Files
langchain/libs/core/tests
Mason Daugherty 86428c63ac fix(core,openai): normalize v1 streamed tool calls (#35983)
OpenAI Chat Completions streaming has a v1 normalization gap when tool
calls are streamed.

When users opt into `output_version="v1"`, `.content_blocks` is expected
to be the normalized cross-provider view of the message. For OpenAI Chat
Completions streams, though, chunks still carry raw string `content`
plus side-channel `tool_call_chunks` / `tool_calls`.

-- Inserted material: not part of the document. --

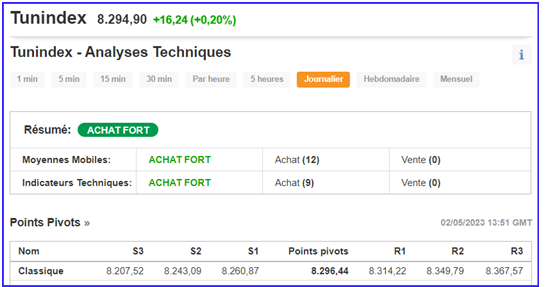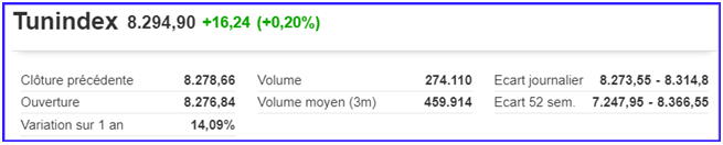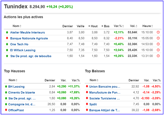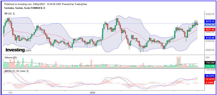Après la timide correction de vendredi à la clôture du mois d’avril, pour prises de bénéfices, le TUNINDEX reprend sa progression très confortablement ce mardi, en gagnant 16.24 points (+0.20%) à 8294.90 points à la clôture de la bourse de Tunis.

Practically, an OpenAI stream chunk can look like this internally:

```python
AIMessageChunk(
    content="",
    tool_call_chunks=[
        {
            "name": "get_weather",
            "args": '{"location": "SF"}',
            "id": "call_123",
            "index": 0,
            "type": "tool_call_chunk",
        }
    ],
    response_metadata={"model_provider": "openai", "output_version": "v1"},
)
```

That is not already-normalized v1 content like this:

```python
AIMessageChunk(
    content=[
        {
            "type": "tool_call_chunk",
            "name": "get_weather",
            "args": '{"location": "SF"}',
            "id": "call_123",
            "index": 0,
        }
    ],
)
```

Because `.content_blocks` currently short-circuits solely on
`output_version="v1"`, it can return the raw string/empty list directly
instead of running the OpenAI translator that incorporates
`tool_call_chunks` / `tool_calls` into normalized v1 blocks.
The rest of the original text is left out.